A05375 had 3 SNP sites, at contig3:1279311, contig3:1280051 and contig3:1280961. After homology comparison, this was annotated as non-ribosomal peptide synthetase 8 (NRPS8) from Bipolaris maydis. In contig3:1279311, JY, JS, and Race15 shared the GG locus, while the other isolates shared the TT homozygous genotype that was absent in isolate SH. In contig3:1280051, JS, SB, JY, and Race15 shared the TT locus, and the other isolates shared the GG locus. In contig3:1280961, JS, JY, SB, and Race15 shared the AA genotype and the other isolates shared the GG genotype that was absent in isolate SH.
A05382 is located in Contig 3 with 3 SNP sites, at contig3:1304880, contig3:1305120, and contig3:1305142, respectively. In contig3:1304880, in addition to the four isolates (JS, JY, SB and Race15) who shared the CC locus, the other isolates shared the AA locus. In contig3:1305120, JS, JY, SB and Race15 had the TT genotype, while the other isolates were CC. In contig3:1305142, JS, JY and Race15 were GG, and the other isolates were AA, which was absent in isolate SB. After homologous comparison, this locus was annotated in Cercospora beticola as O-acetyl-ADP-ribose deacetylase MACROD1 (CB0940-03553).
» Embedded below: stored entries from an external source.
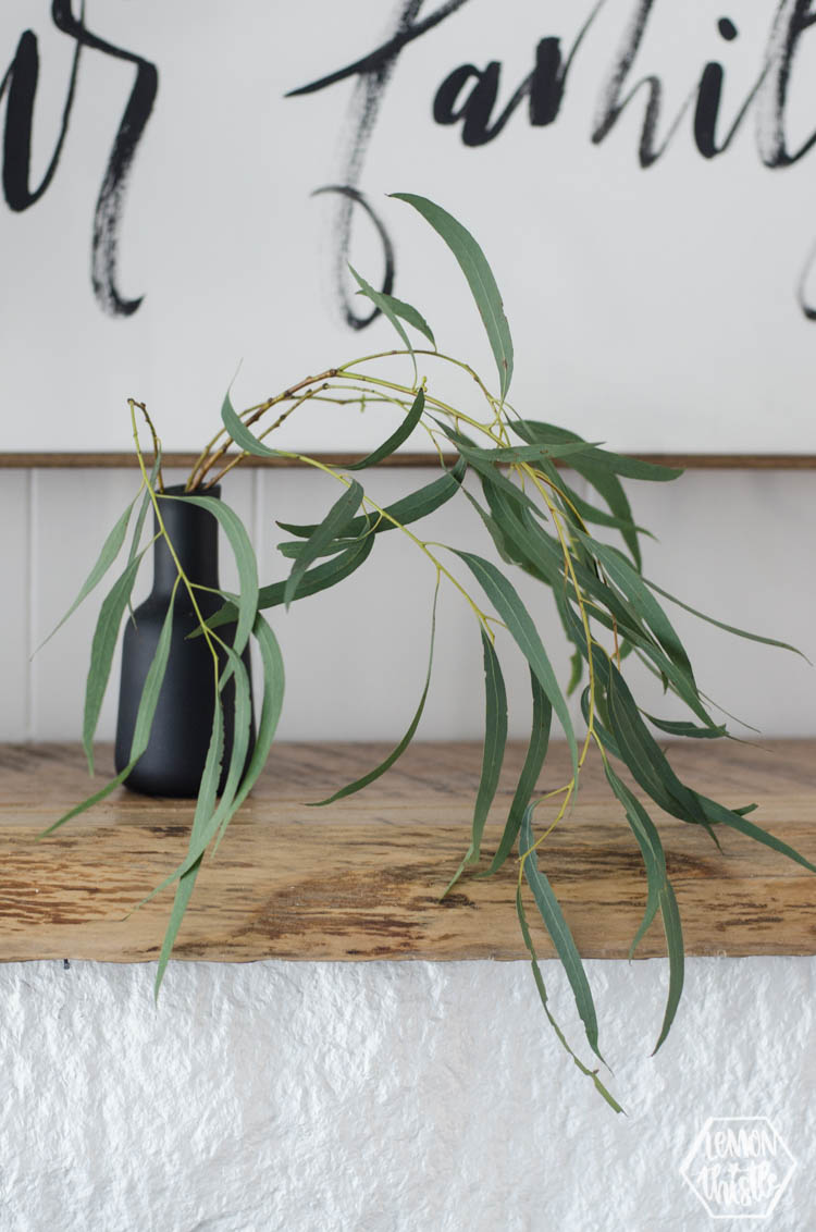 I love using eucalyptus in my home decor. The muted greens and the gorgeous shapes… not to mention the lovely fragrance. I love how it adds texture to simple decor, it looks clean and modern, and it adds life to vignette. I’m all about it. And apparently every one else is too. It’s become hugely popular over the past few years not just for home decor but for weddings and floral arrangements. I’ve actually found the cost of eucalyptus has gone up around here. But even still- it’s pretty budget friendly if you use it intentionally (especially compared to fresh flowers!) and it will be a staple in our home decor until I find something I love more. Which I don’t see happening any time soon.
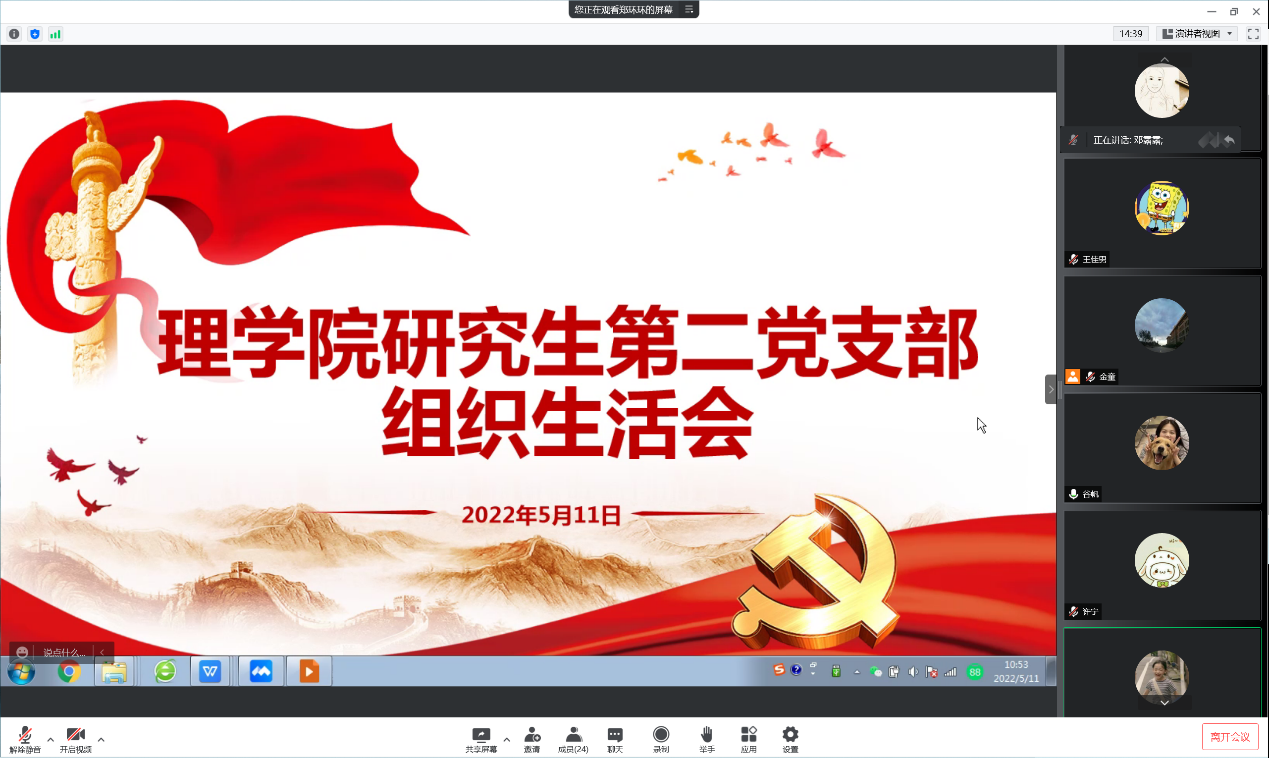 5月11日上午,四川麻将游戏 研究生第二党支部召开组织生活会与民主评议党员,全体27名党员参加了此次会议,曲杰作为联系支部的四川麻将游戏 领导参加了会议,会议由支部书记郑环环老师主持。
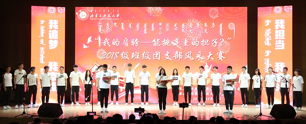 为深入贯彻落实习近平新时代中国特色社会主义思想和党的十九大、团的十八大精神,教育和引导广大青年学生爱国、担当、奋斗、争做担当民族复兴大任的时代新人,11月22日,伟德源自英国始于1946“我的肩膀——能挑多重的担子?”2018级班级团支部风采大赛决赛在校音乐厅举行。决赛分为基层组织建设与日常活动展示和舞台展示两部分。
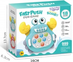 Elektroniczna zabawka Pop It Krab to świetny sposób, aby rozwijać umysł, zręczność manualną i koordynację u dzieci. Dzięki kompaktowej konstrukcji możesz zabrać ją wszędzie. Zabawka jest przeznaczona dla dzieci od 3. roku życia i oferuje aż 999 poziomów, które zapewnią mnóstwo zabawy także dorosłym.
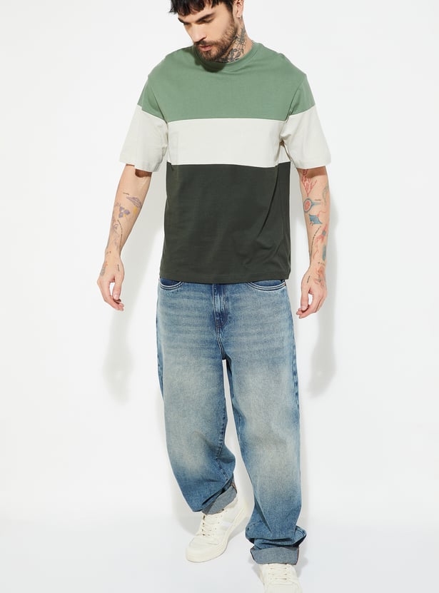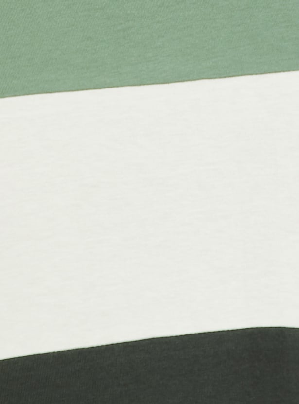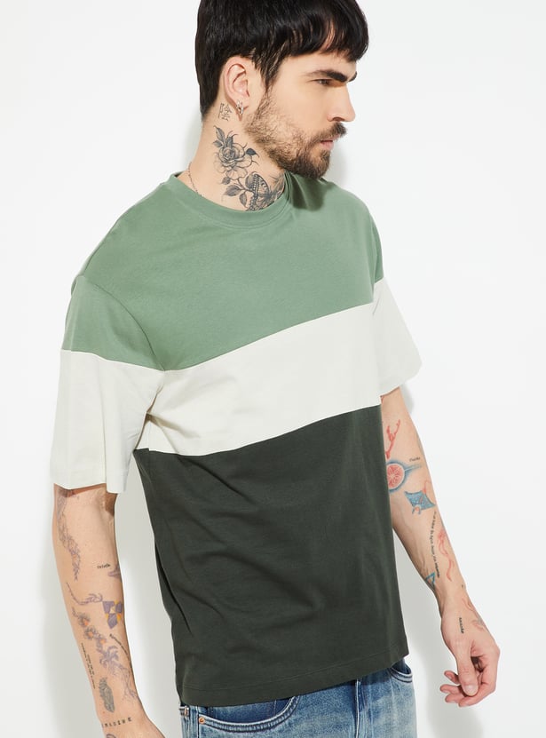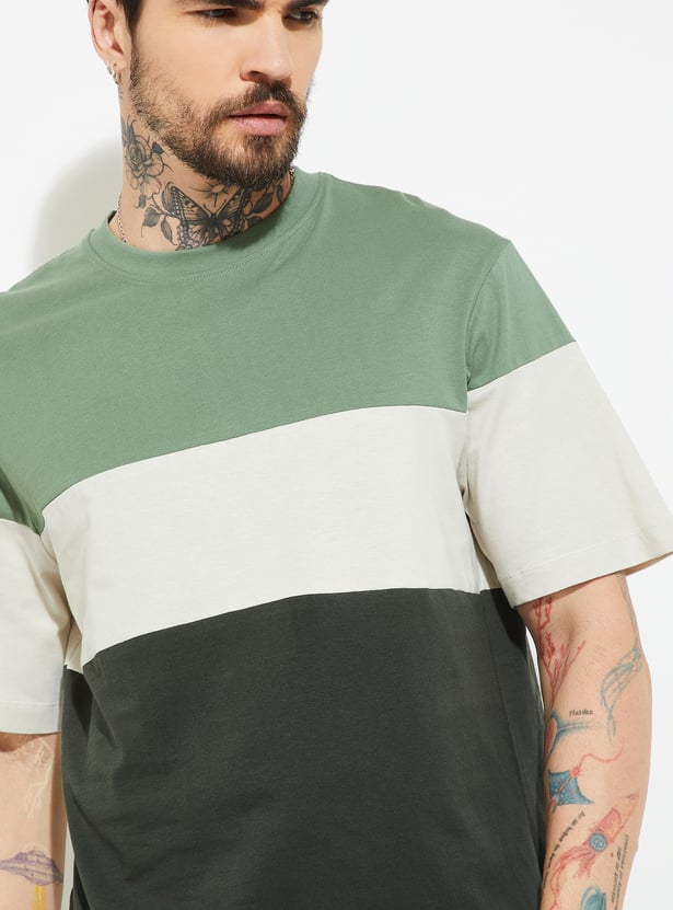 This colourblocked T-shirt brings a fresh update to casual dressing. It features a classic crew neck and half sleeves, offering a comfortable fit with a modern, sporty edge.
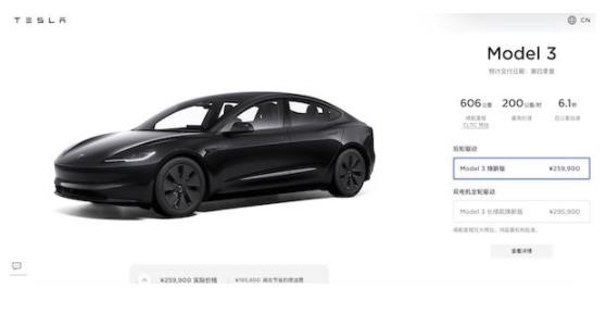 市場期待已久的新款Model 3正式上線。不過,特斯拉中國官網顯示,新款Model 3的售價并不是此前業內所預期的20萬元左右,而是分為兩個版本Model 3煥新版和長續航煥新版,售價分別為25.99萬元和29.59萬元,預計交付時間為今年第四季度。
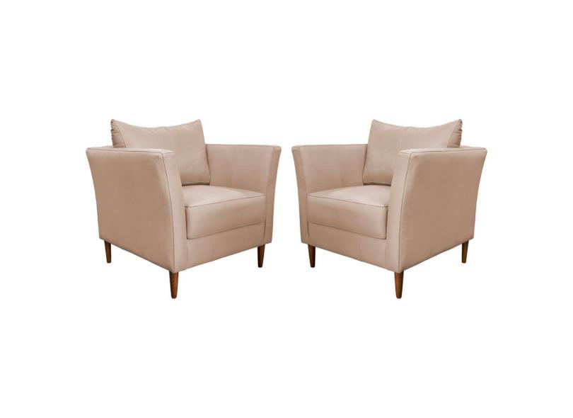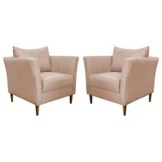 Kit 2 Poltronas Decorativa Sala de Estar Pés Palito Lubbock Couro Bege - Gran Belo
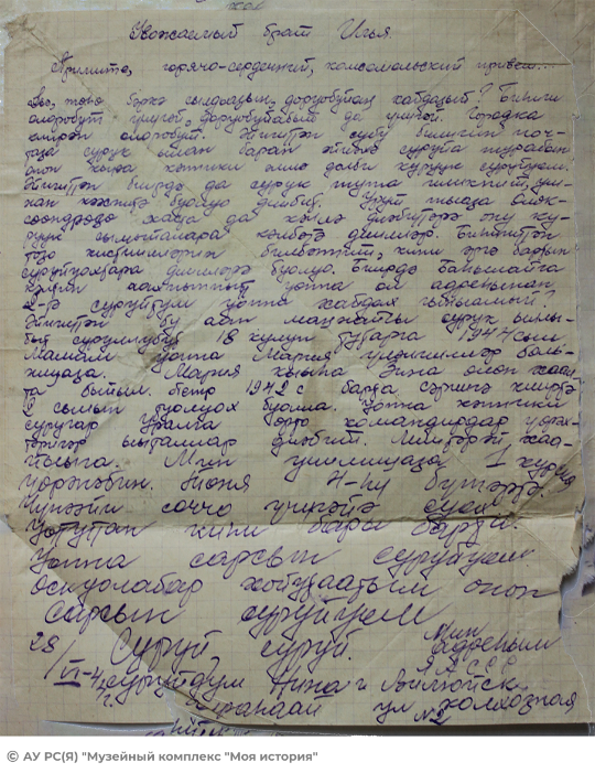 Дьэ, төһө бэркэ сылдьаҕын, доруобуйаҥ хайдаҕый? Биһиги олоробут үчүгэй, доруобуйабыт да үчүгэй. Городка киирэн олоробут. Эйигиттэн субу билигин почтаҕа сурук ылан баран эйиэхэ суруйа турабын онон кыра кэнниеи эмиэ дэлби куруук суруйуом. Эйигиттэн биирдэ да сурук тута иликпит , умнан кээспитэ буолуо диибит. Урут тыаҕа Өлөксөөндрөҕө хаста да кэллэ диэбиттэрэ ону куруук сымыйалара кэлбэтэ дииллэр. Биһигиттэн тоҕо кистииллэрин билбэппит, кини эргэ бартын суруйуохтара дииллэрэ буолуо. Биирдэ Баһылайга кэлтин аахпыппыт уонна ол адреһынан 2-р суруйтум уонна хайдах гыныамый?
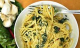 While the pasta is cooking, transfer the greens to a colander and rinse under cold running water, then drain well.
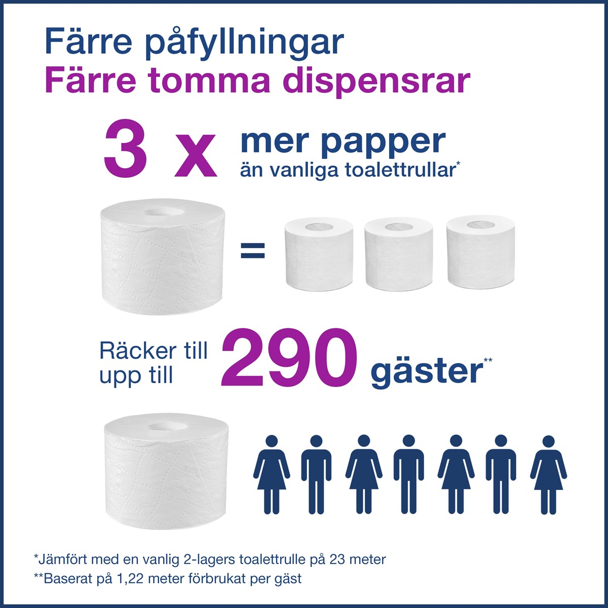 - Prisvärt 1-lagers toalettpapper som ger valuta för pengarna - Undvik att pappret tar slut med 3 gånger mer papper än vanliga rullar - Kompakta toalettrullar – spara tid med färre påfyllningar - Varken hylsa eller omslag innebär mindre avfall - Tar upp hälften så mycket förvaringsplats som vanliga toalettrullar - Tork Easy Handling® förpackning för ergonomisk hantering
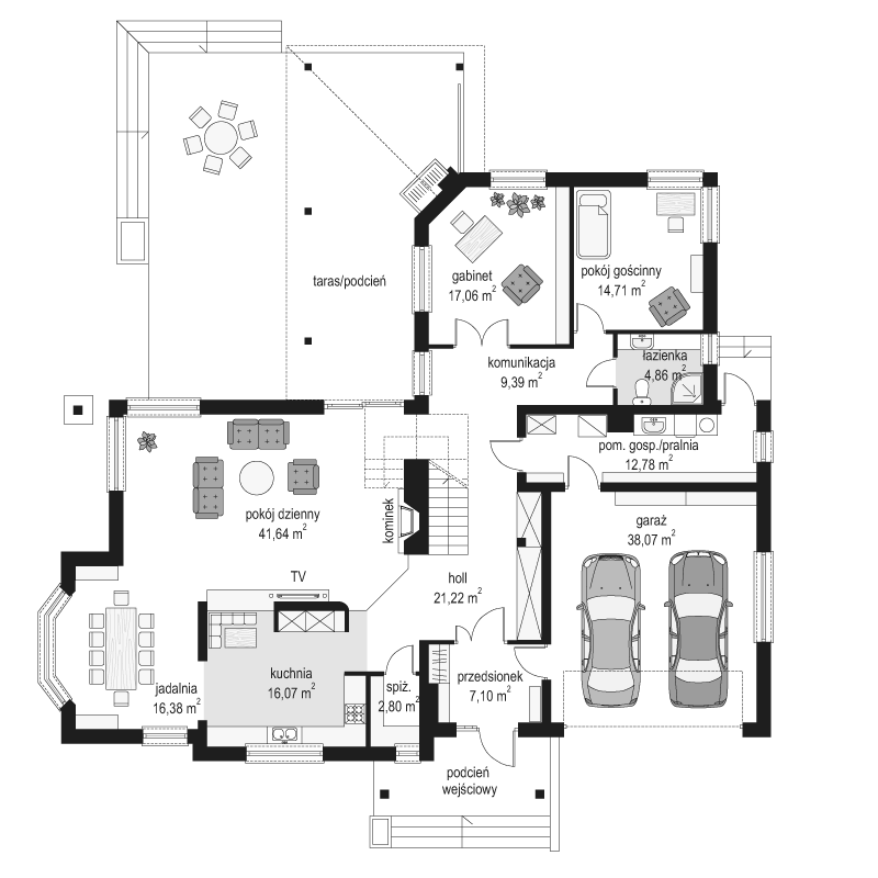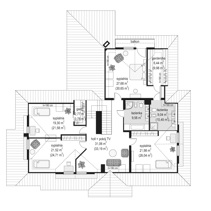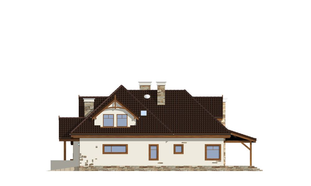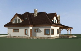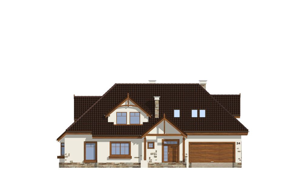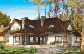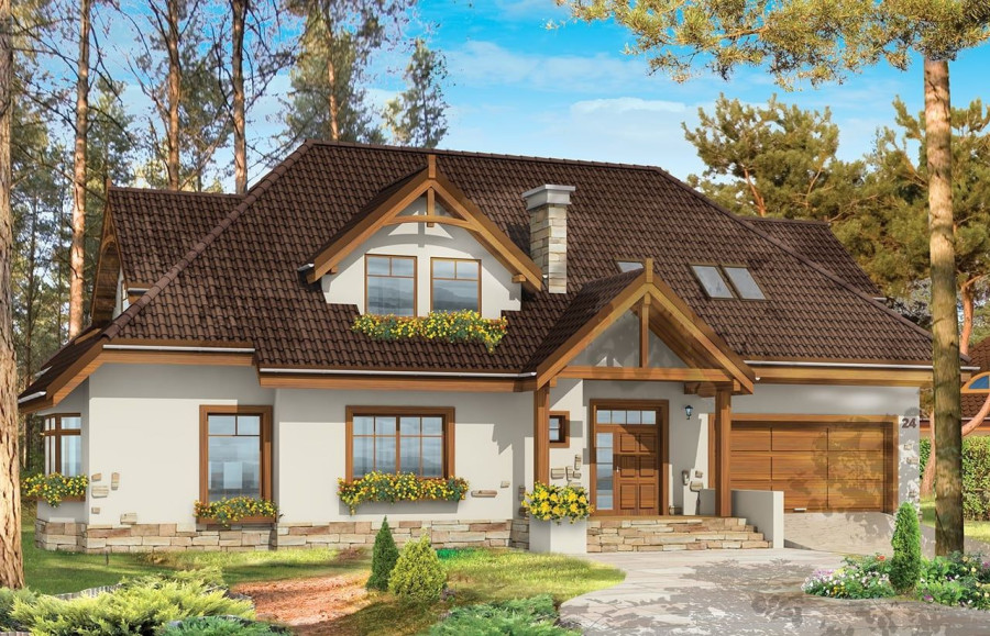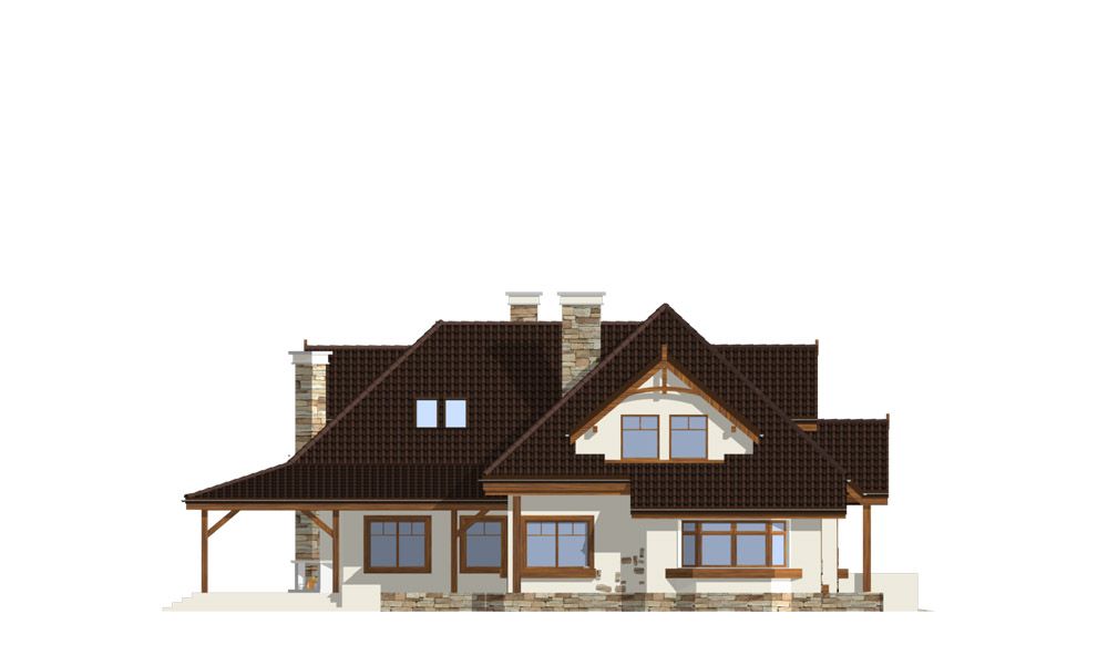 Projekt domu Jesion to duży, komfortowy dom jednorodzinny na ładną działkę. Budynek zaprojektowany został z myślą o rodzinie 4- 7-osobowej, z możliwością wariantowego wygrodzenia mieszkania dla seniorów. Projekt willi zaplanowano w kształcie litery L tak, aby zapewnić maksymalną ochronę i intymność dla dużego, częściowo zadaszonego tarasu. To doskonałe miejsce wypoczynku. Część dzienna składa się z salonu, jadalni, holu i dużej kuchni. W holu zaprojektowano eleganckie schody owinięte wokół centralnej masywnej ściany kominkowej. Na poddaszu oprócz czterech sypialni z łazienkami i garderobami jest również powiększony hol mogący służyć jako bawialnia lub pokój tv. Na zewnątrz w podcieniu ogrodowym zaprojektowano zewnętrzny kominek. Pracownia dysponuje również wersją projektu domu Jesion w odbiciu lustrzanym oraz projekt domu Jesion 2. Sprawdź teraz!

A05384 is located in Contig 3. JY, JS, SB and Race15 shared the TT genotype, while the others shared the CC genotype that was absent in isolate SH. After homology comparison, this locus was annotated as hypothetical protein (CB0940-03556) in Cercospora beticola with 1 SNP site.
It can be seen from the above results that the highly virulent isolates Race15, SB, JS, and JY had the same mutation sites in the above five genes, including SNPs or deletions. Considering their closeness in the phylogenetic tree and their putative shared ancestral state, some genes with the same mutation site may be related to species rather than virulence. Our study was designed simply to provide a useful reference for the screening of functional candidate genes, narrowing down the workload for subsequent analyses.